# TASK DESCRIPTION
Transcribe the whole listing exactly, but do not carry over its pictures.

# DATA SEGMENT
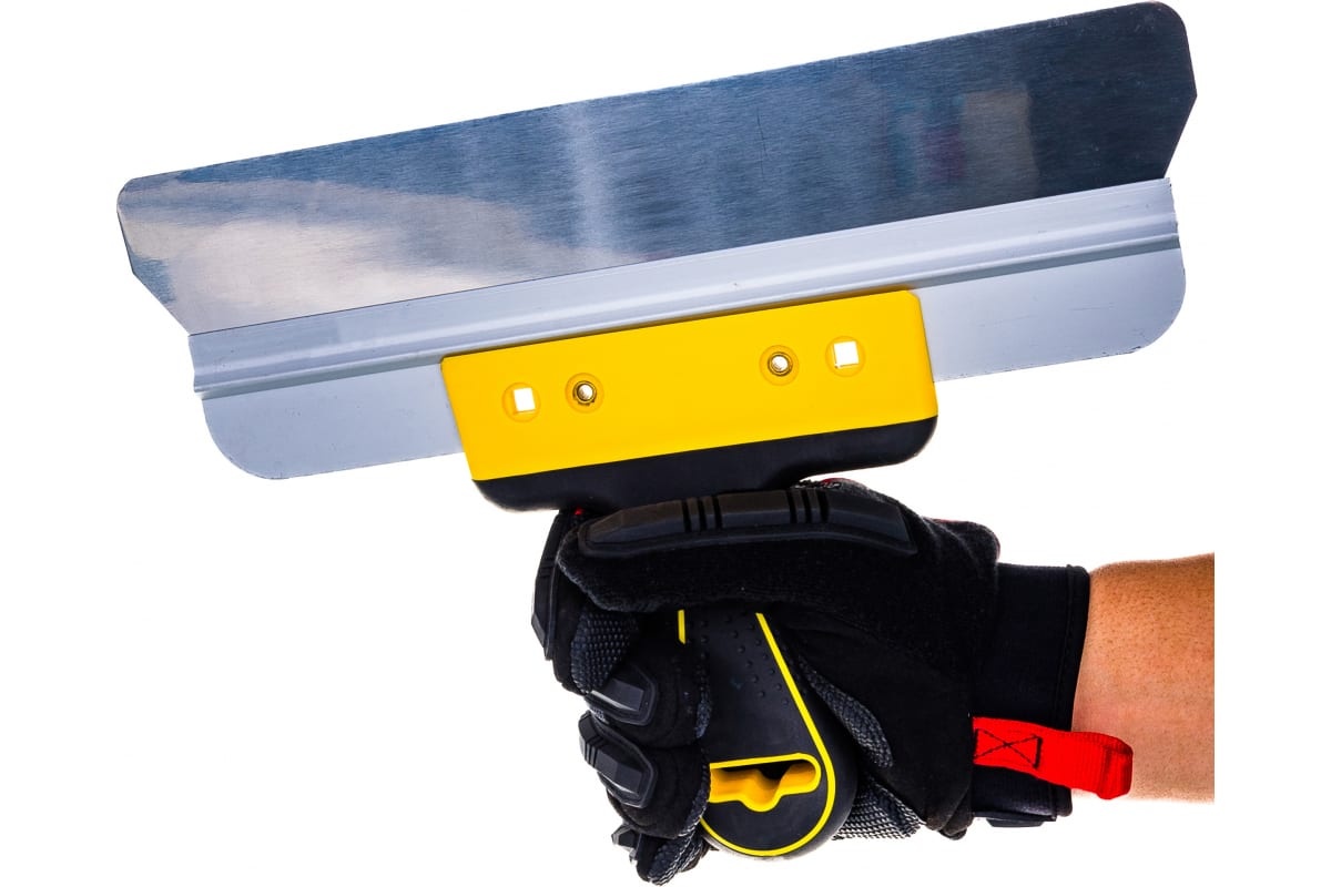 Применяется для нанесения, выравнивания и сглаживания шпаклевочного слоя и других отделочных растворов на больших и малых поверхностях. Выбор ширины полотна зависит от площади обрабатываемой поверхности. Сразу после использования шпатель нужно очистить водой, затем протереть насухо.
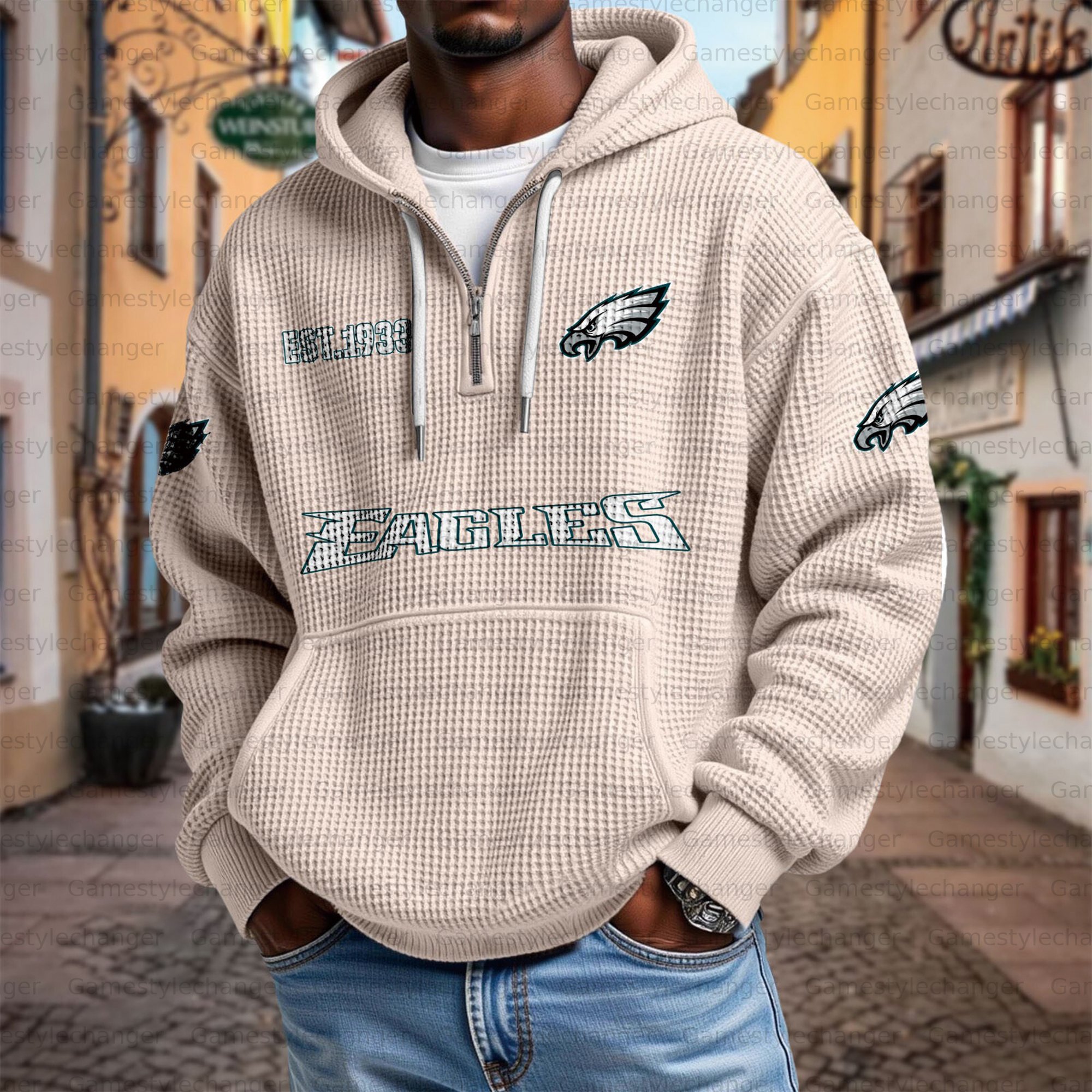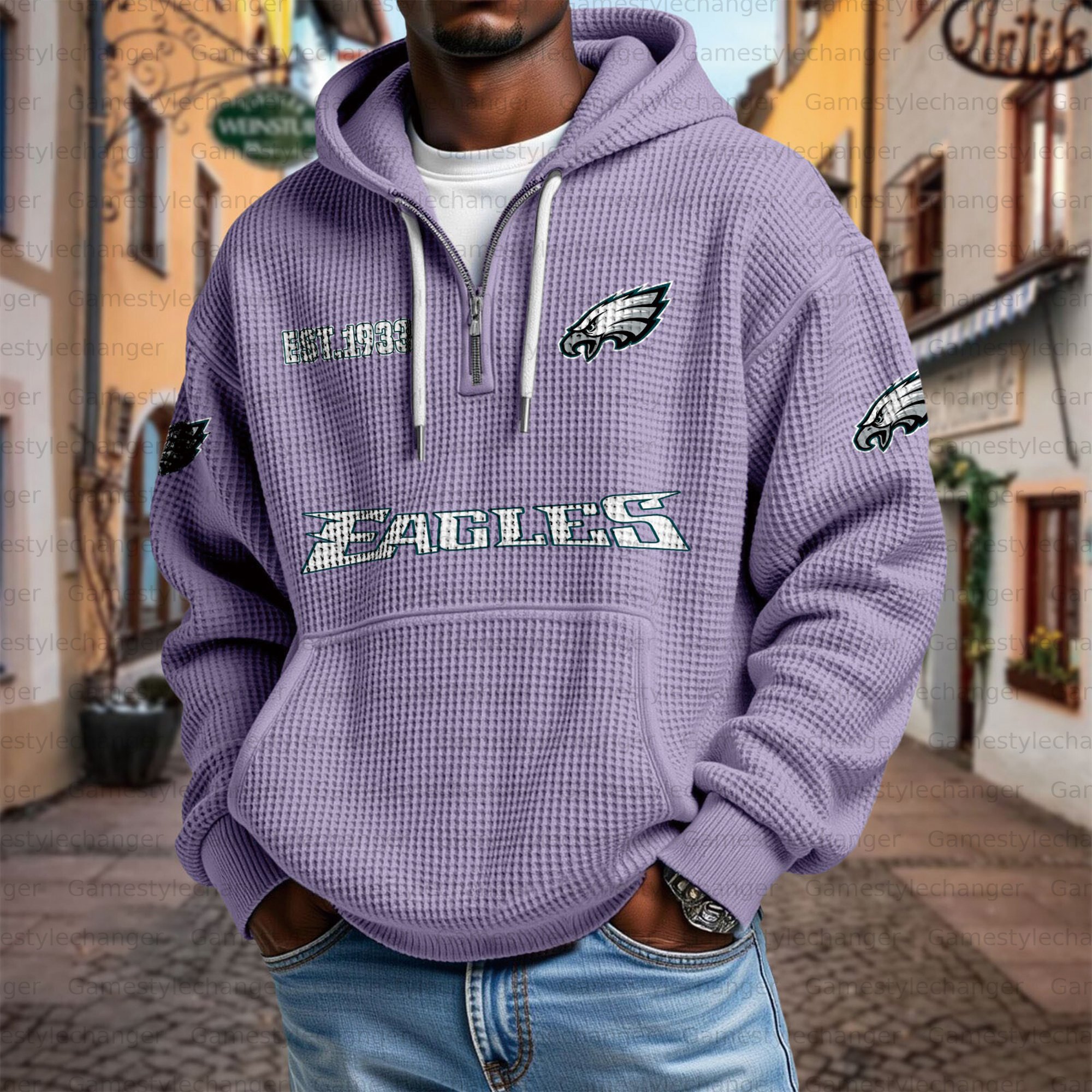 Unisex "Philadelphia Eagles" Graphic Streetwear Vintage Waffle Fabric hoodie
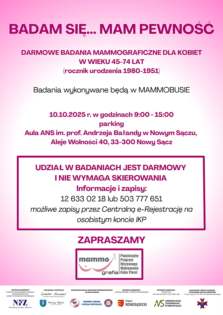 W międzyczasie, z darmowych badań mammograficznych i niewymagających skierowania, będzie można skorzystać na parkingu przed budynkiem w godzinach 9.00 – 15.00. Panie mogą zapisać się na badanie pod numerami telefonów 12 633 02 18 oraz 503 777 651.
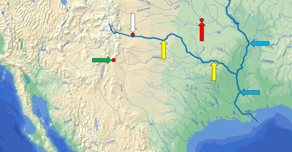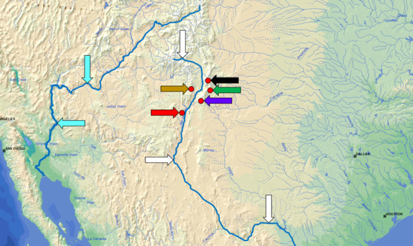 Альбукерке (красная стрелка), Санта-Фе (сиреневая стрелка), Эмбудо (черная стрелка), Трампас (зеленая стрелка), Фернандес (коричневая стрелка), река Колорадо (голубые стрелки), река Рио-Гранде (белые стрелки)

# YOUR SOLUTION
 Применяется для нанесения, выравнивания и сглаживания шпаклевочного слоя и других отделочных растворов на больших и малых поверхностях. Выбор ширины полотна зависит от площади обрабатываемой поверхности. Сразу после использования шпатель нужно очистить водой, затем протереть насухо.
 Unisex "Philadelphia Eagles" Graphic Streetwear Vintage Waffle Fabric hoodie
 W międzyczasie, z darmowych badań mammograficznych i niewymagających skierowania, będzie można skorzystać na parkingu przed budynkiem w godzinach 9.00 – 15.00. Panie mogą zapisać się na badanie pod numerami telefonów 12 633 02 18 oraz 503 777 651.
 Альбукерке (красная стрелка), Санта-Фе (сиреневая стрелка), Эмбудо (черная стрелка), Трампас (зеленая стрелка), Фернандес (коричневая стрелка), река Колорадо (голубые стрелки), река Рио-Гранде (белые стрелки)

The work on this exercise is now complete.